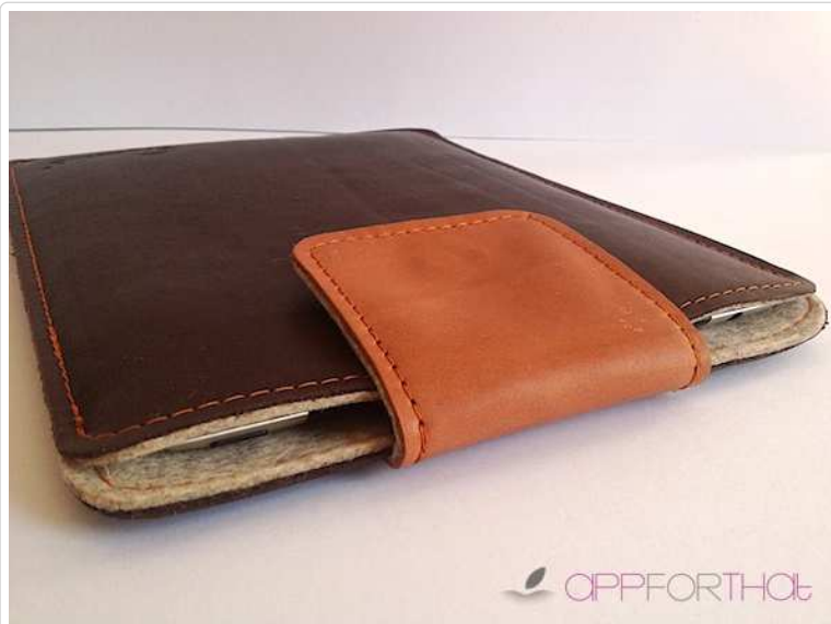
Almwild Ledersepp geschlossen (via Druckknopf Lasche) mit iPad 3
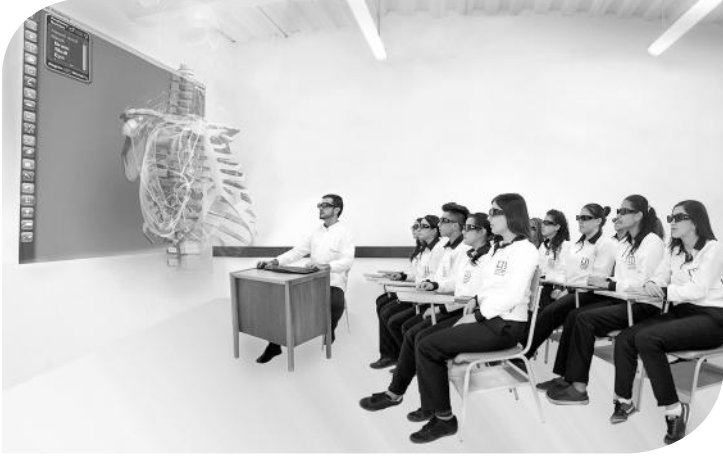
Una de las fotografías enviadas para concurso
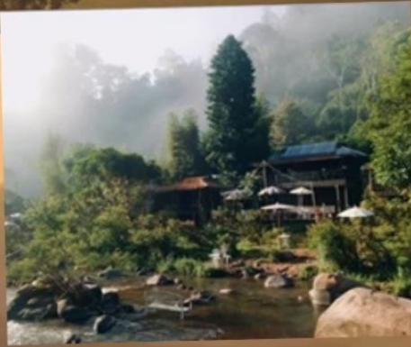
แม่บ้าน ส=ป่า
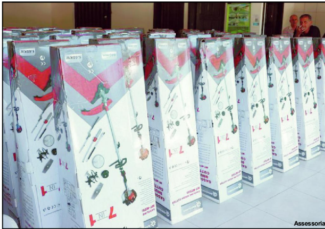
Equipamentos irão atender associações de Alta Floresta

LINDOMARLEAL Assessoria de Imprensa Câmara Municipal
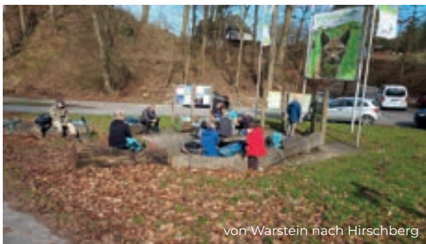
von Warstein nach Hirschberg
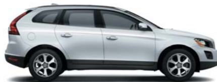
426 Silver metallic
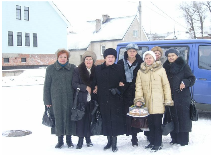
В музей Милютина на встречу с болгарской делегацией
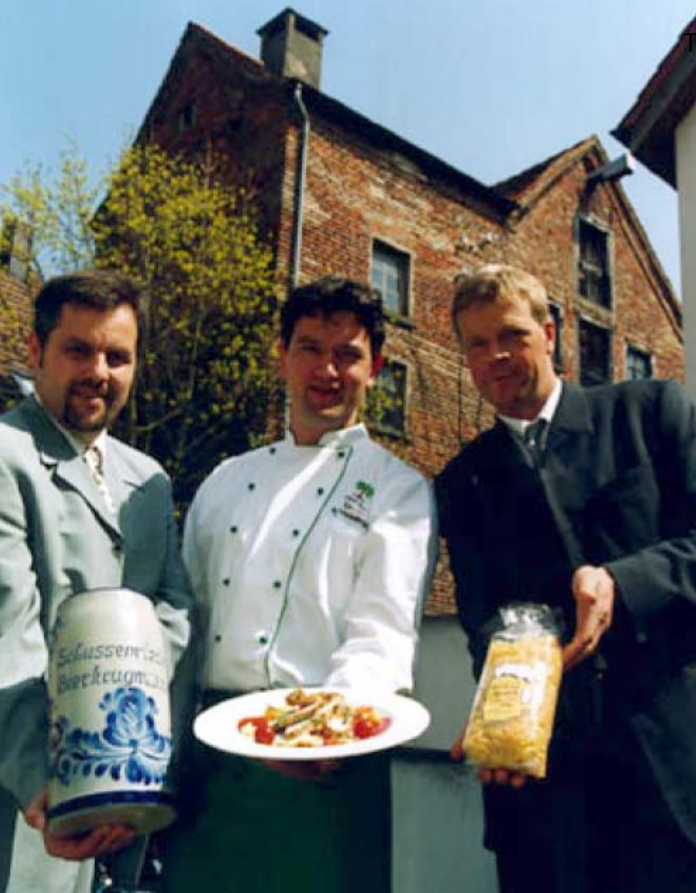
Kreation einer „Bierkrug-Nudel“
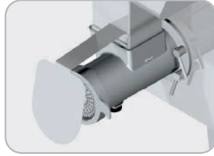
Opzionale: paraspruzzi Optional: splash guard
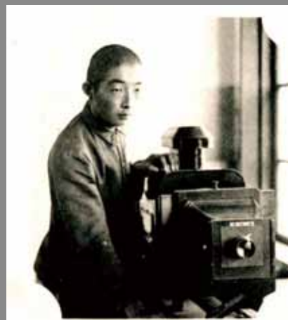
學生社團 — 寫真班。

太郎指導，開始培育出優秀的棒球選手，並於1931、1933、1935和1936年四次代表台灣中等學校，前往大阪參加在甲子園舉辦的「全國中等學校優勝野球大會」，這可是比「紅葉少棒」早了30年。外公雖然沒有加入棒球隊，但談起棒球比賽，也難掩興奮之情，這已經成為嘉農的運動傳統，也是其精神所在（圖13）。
----
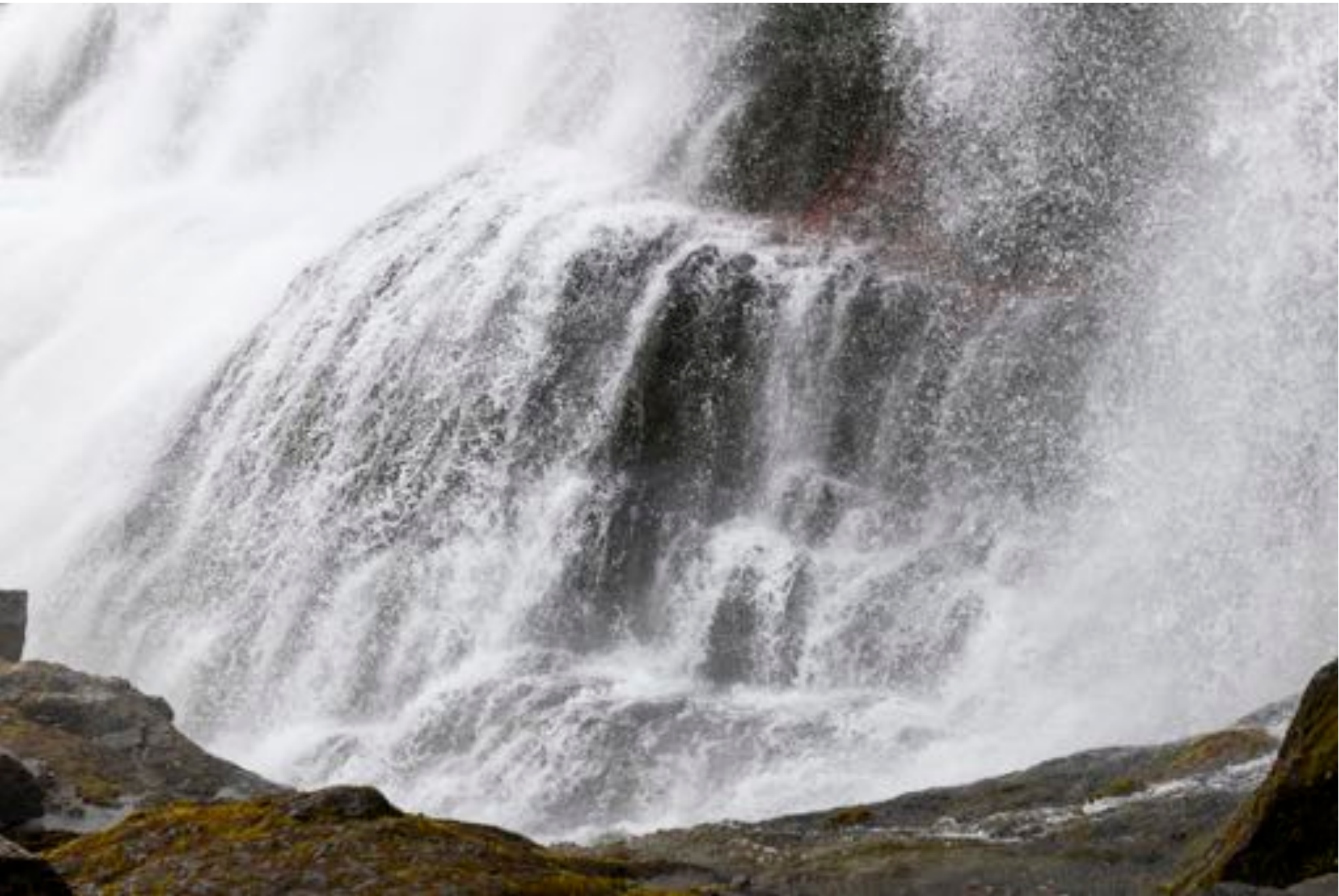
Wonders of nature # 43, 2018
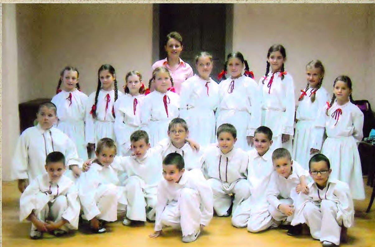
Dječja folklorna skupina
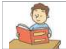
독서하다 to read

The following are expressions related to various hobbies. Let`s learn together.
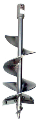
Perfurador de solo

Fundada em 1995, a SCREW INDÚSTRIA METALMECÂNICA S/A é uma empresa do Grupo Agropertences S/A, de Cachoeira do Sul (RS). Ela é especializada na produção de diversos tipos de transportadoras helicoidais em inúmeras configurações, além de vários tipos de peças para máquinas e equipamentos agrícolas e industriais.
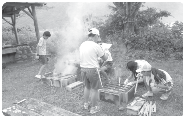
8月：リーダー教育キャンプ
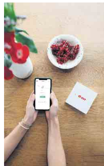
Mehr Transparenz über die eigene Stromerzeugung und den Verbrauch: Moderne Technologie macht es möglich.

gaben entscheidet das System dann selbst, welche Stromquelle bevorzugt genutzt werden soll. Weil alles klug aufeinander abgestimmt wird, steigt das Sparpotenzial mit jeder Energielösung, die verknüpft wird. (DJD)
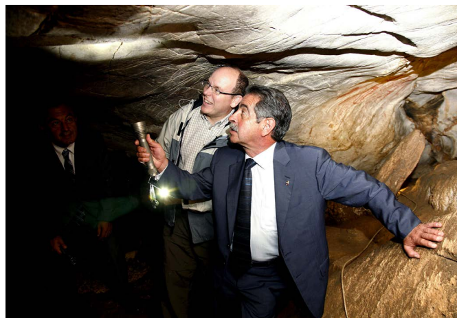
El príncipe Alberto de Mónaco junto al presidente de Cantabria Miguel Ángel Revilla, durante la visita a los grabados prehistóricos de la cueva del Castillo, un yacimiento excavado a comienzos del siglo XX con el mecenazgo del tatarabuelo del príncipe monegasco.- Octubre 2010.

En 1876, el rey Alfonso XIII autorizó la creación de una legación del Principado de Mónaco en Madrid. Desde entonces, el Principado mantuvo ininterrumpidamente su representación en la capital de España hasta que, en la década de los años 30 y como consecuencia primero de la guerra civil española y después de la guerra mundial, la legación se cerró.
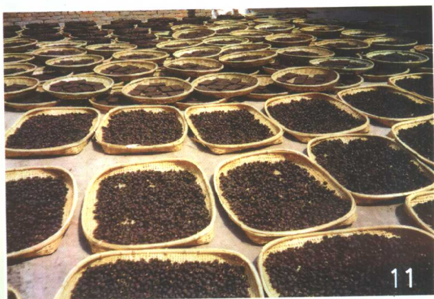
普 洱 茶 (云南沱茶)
----
PROBLEM TO SOLVE: Copy the entries above exactly, but only the stretch from the line containing "Almwild Ledersepp geschlossen" through the line containing "太郎指導，開始培育出優秀的棒". Keep both end lines; drop the pictures.

YOUR RESPONSE:
Almwild Ledersepp geschlossen (via Druckknopf Lasche) mit iPad 3
Una de las fotografías enviadas para concurso
แม่บ้าน ส=ป่า
Equipamentos irão atender associações de Alta Floresta

LINDOMARLEAL Assessoria de Imprensa Câmara Municipal
von Warstein nach Hirschberg
426 Silver metallic
В музей Милютина на встречу с болгарской делегацией
Kreation einer „Bierkrug-Nudel“
Opzionale: paraspruzzi Optional: splash guard
學生社團 — 寫真班。

太郎指導，開始培育出優秀的棒球選手，並於1931、1933、1935和1936年四次代表台灣中等學校，前往大阪參加在甲子園舉辦的「全國中等學校優勝野球大會」，這可是比「紅葉少棒」早了30年。外公雖然沒有加入棒球隊，但談起棒球比賽，也難掩興奮之情，這已經成為嘉農的運動傳統，也是其精神所在（圖13）。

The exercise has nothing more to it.